The Story of Tom Brennan
- Author: J.C Burke
- Language: English
- Genre: Young adult fiction
- Publisher: Random House Australia
- Publication date: 2005
- Publication place: Australia
- Pages: 284
- ISBN: 978-1-74166-092-0

= The Story of Tom Brennan =

2005 Australian young adult novel by J. C. Burke

The Story of Tom Brennan is a 2005 Australian young adult novel written by J. C. Burke. It was named as book of the year for older readers by the Children's Book Council of Australia. The story follows Tom Brennan, a 17-year-old boy known for his football skills. An accident involving his brother forces the family to move towns, and the novel shows the various Brennan family members changing after the accident and how it affected them.

The story involves issues relevant to teenagers such as alcohol, relationships and fitting in. This novel is often studied in Australian high schools as it is accessible to most readers.

==Plot==

For Tom Brennan, life is about rugby, mates, and family—until a night of celebration changes his life forever. Tom's world explodes as his brother Daniel is sent to jail and the Brennans are forced to leave the small town Tom's lived in his whole life. Tom is a survivor but needs a ticket out of the past just as much as Daniel.

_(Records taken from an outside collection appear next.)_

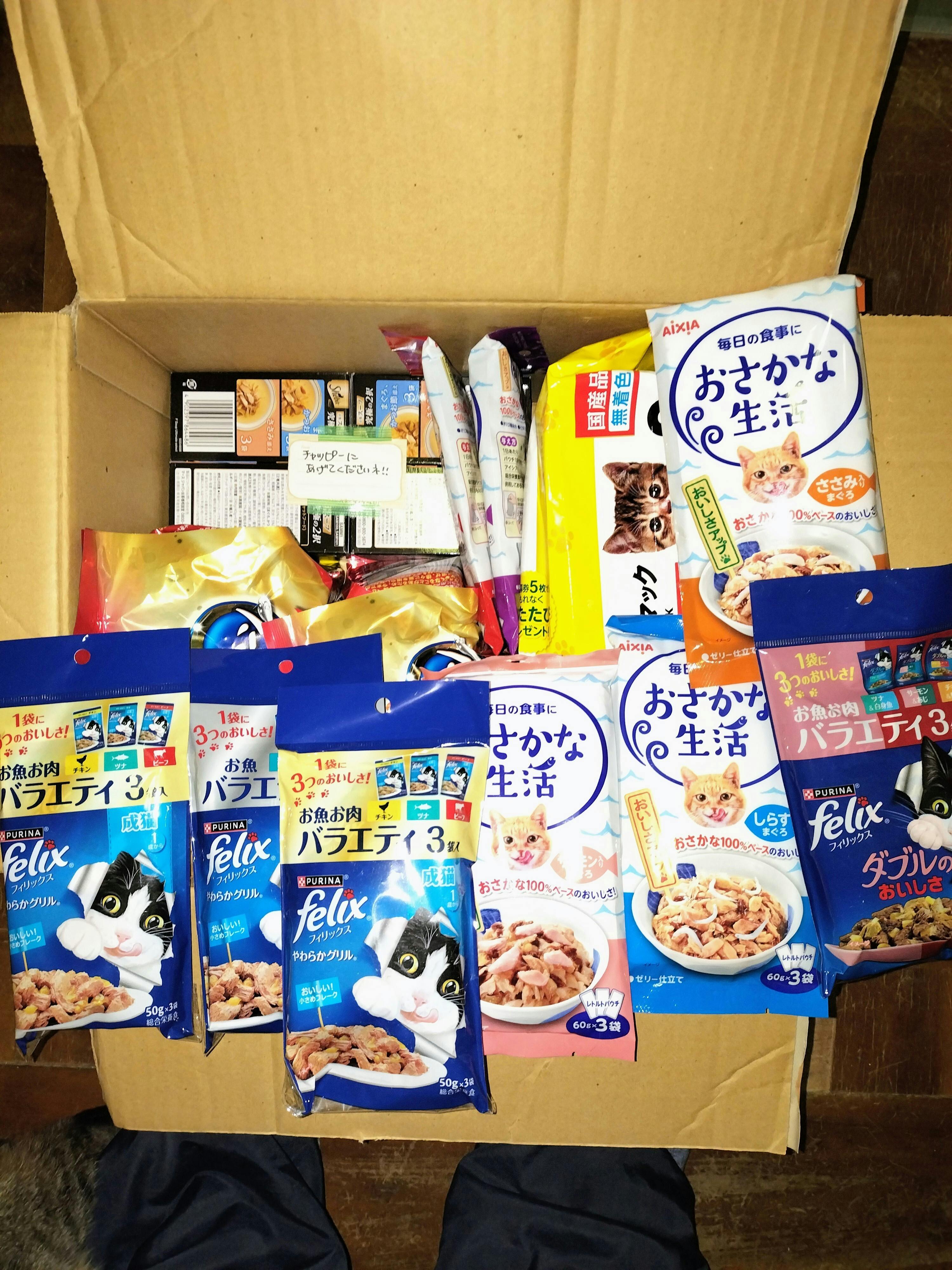支援者様方には大変感謝致します。チャッピーと他の猫達の為に沢山の支援物資ご届きました。本当にとても助かりました。 ありがとうございます。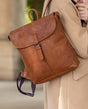Mochila cuero estilo mensajero antirrobo mujer hombre piel marrón cuero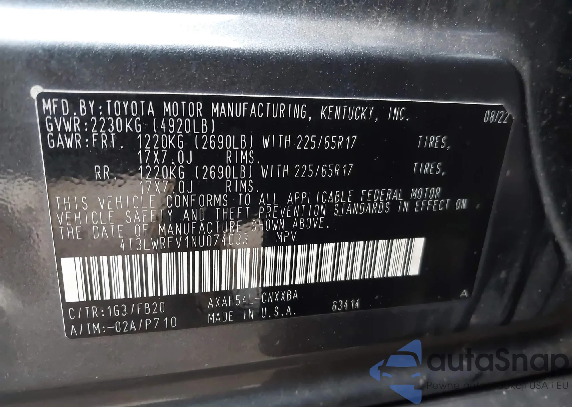 VIN: 4T3LWRFV1NU074033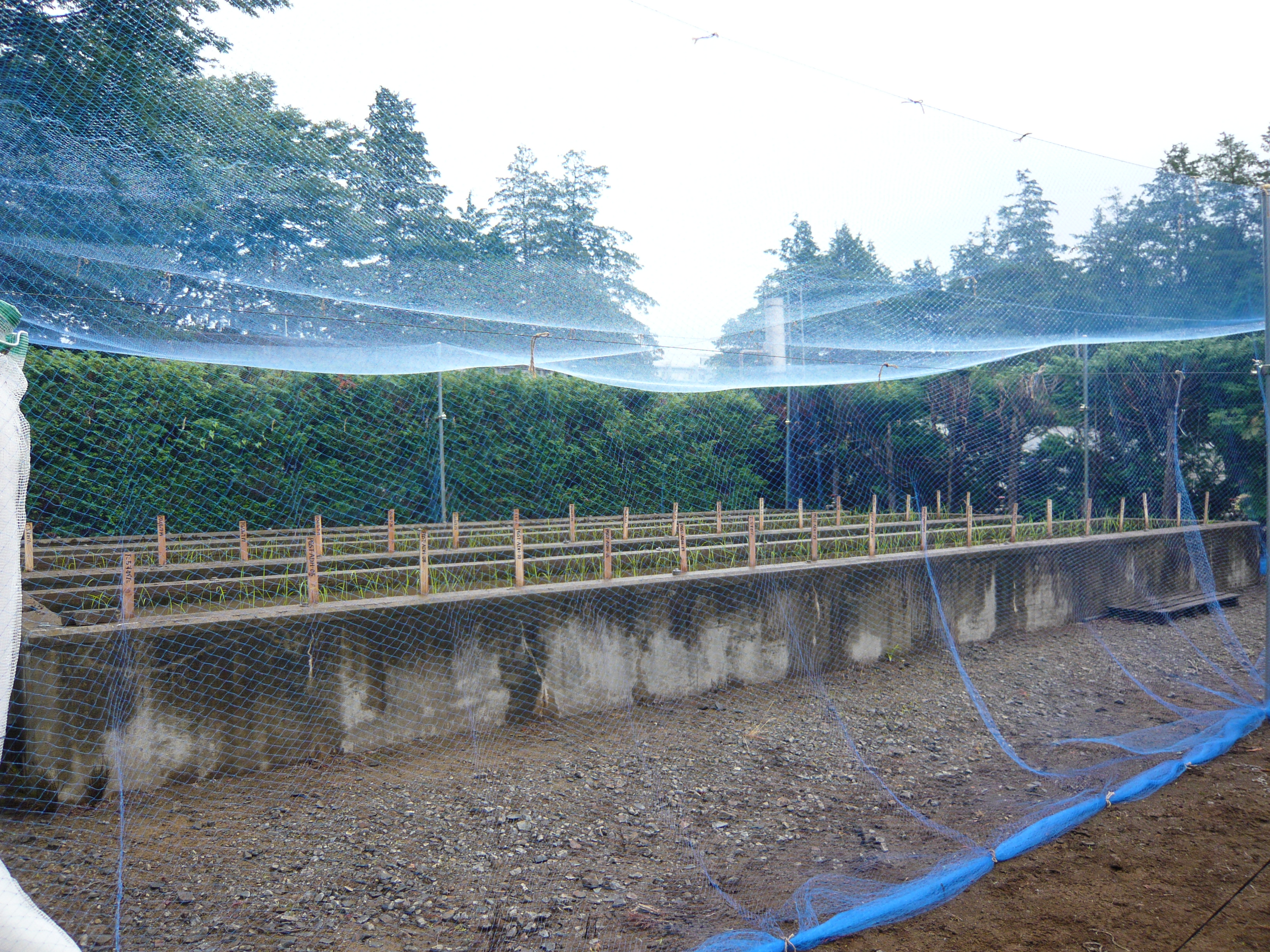 5月23日に一般説明会を開催した、遺伝子組換え複合病害抵抗性イネの田植えを行いました。この遺伝子組換えイネは(独)農業環境技術研究所(農環研)内の隔離ほ場内の水田にて栽培します。栽培実験の詳細については栽培実験計画書をご確認ください。

The novel is based around the aftermath of the incident that leads to the Brennan family leaving the town of Mumbilli and is written from Tom's perspective. Beginning in the present, Tom is at his grandmother's house and hating every minute of his new life, we soon begin to see glimpses of the events in Tom's recent past: the "sudden death" football party where all the trouble begins, and the terrible, tragic events of that night and days that follow. The novel involves teenage issues such as alcohol, drink driving, relationships, and moving on after your world turns upside down.

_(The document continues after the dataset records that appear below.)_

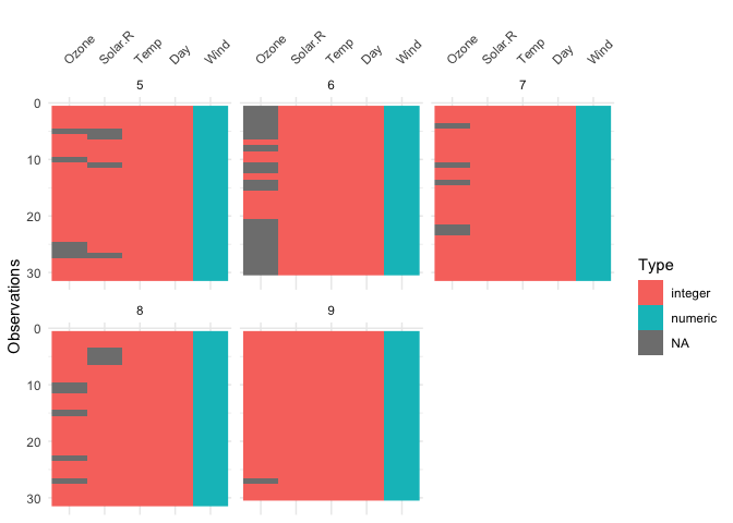 vis_dat(airquality, facet = Month)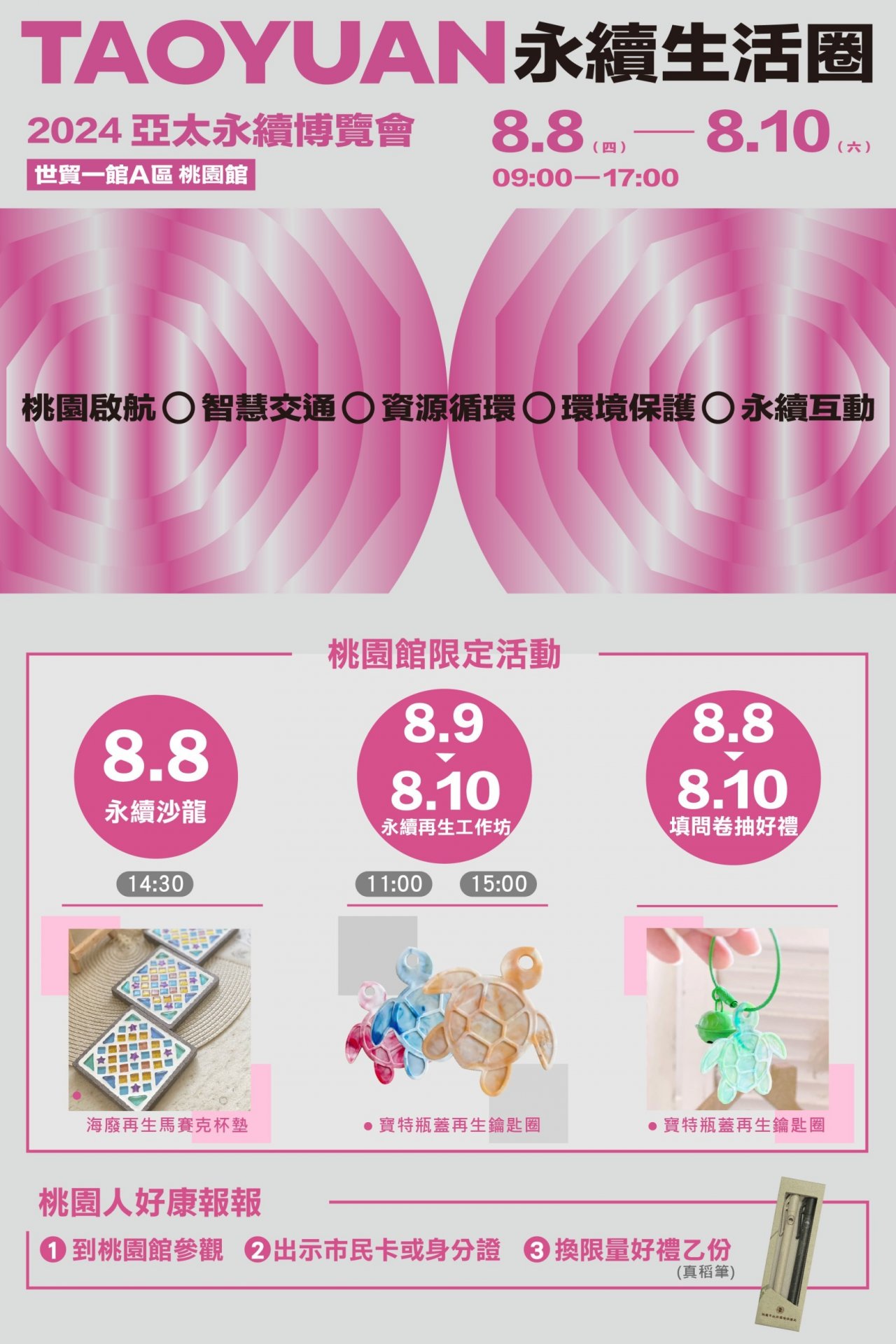 二、為展現桃園實踐永續發展、淨零碳排等作為,本府參與台 灣永續能源研究基金會(TAISE)舉辦之「2024亞太永續博 覽會」,於城市區以「TAOYUAN 永續生活圈」 作為桃園館 展場意象,帶領大家體驗桃園的啟航、城市的脈動,以及 淨零永續的生活。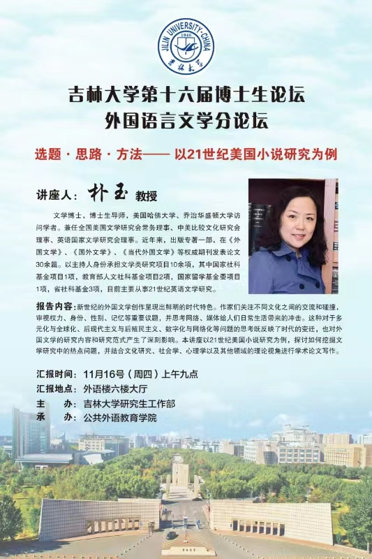 发言题目:选题·思路·方法—— 以21世纪美国小说研究为例 报告人:朴玉 杏彩官方网站 教授 报告时间:2023年11月16日9:00 报告地点:吉林大学中心校区外语楼六楼会议厅 发言题目:构建中国特色对外话语实践研究 报告人:杨梅 杏彩官方网站 教授 报告时间:2023年11月16日10:00 报告地点:吉林大学中心校区外语楼六楼会议厅
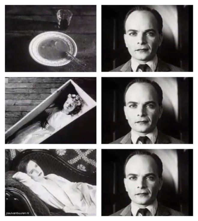 A los 21 años, Kuleshov realizó un experimento que cambiaría para siempre la comprensión del cine. Tomó el mismo primer plano del actor Ivan Mosjoukine, con expresión neutral. Lo yuxtapuso con tres imágenes diferentes: un plato de sopa, un ataúd con un cadáver de una niña, una joven descansando.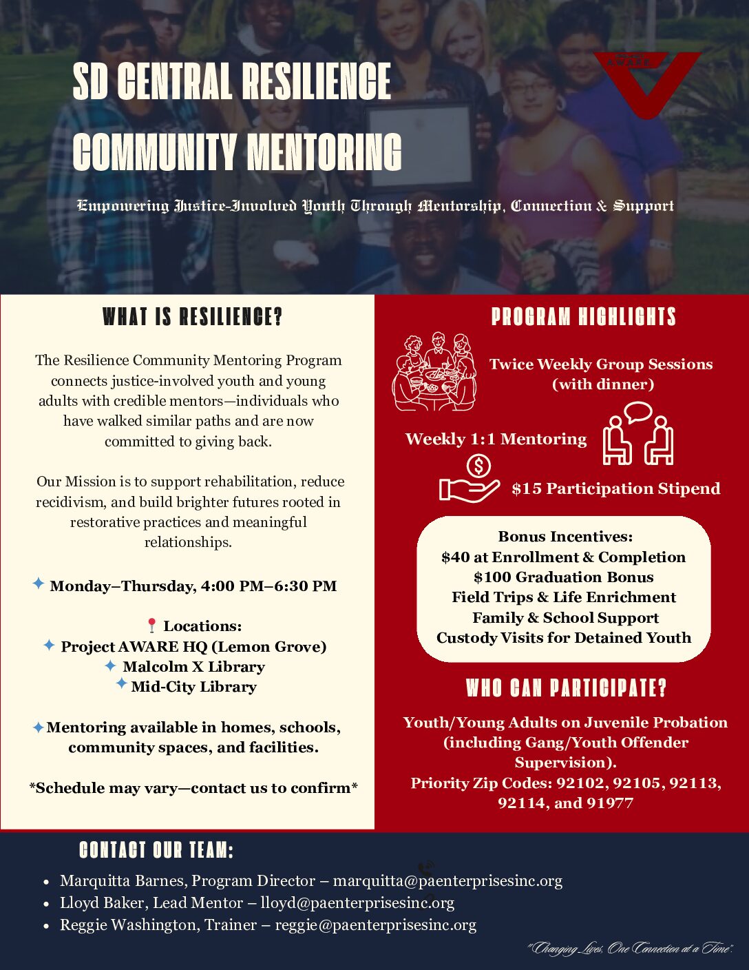 As a young man, Reginald Washington found himself involved with gangs with no awareness of alternative ways to deal with his anger. He founded Project AWARE to teach young people the emotional literacy skills he wish he had back then. Experienced and Certified Mr. Washington is a certified trainer in Restorative Practices and a certified Community Mentor, with over a decade of experience working with youth in San Diego County. He has been trained by recognized agencies such as the National Institute of Corrections, San Diego County District Attorney’s Office, US Attorney’s Office, and the National Conflict Resolution Center, among others Recognized and Trusted Reginald has been recognized by the San Diego County Sherriffs Department for his contributions to their Youth Academy, and by the California Crime Prevention Officers Association for promoting public safety.

In the end, Tom becomes friends with a girl named Chrissy, which they progress from a friendship into a relationship. Chrissy and others help Tom come to terms with what happened in the past and have a positive outlook on the future.

==Characters (main) ==
- Tom Brennan—Narrator
- Daniel Brennan—Tom's Brother
- Brendan Brennan—Tom's Uncle
- Christina "Chrissy" Tulake —Tom's love interest, later girlfriend
- Theresa "Tess" Brennan —Tom's mother
- Joeseph Brennan —Tom's father
- Kylie Brennan —Tom's sister
- Carmen Healy —Tom's Grandmother
- Aunty Kath —Fin's mother
- Finbar "Fin" —Tom's cousin

==Awards ==
The Story of Tom Brennan has been awarded the 2006 CBC Book of the Year for Older Readers and the 2006 Australian Family Therapists Award for Children's Literature. The book is on the Australian's HSC syllabus list and is studied by high-schoolers in Australia.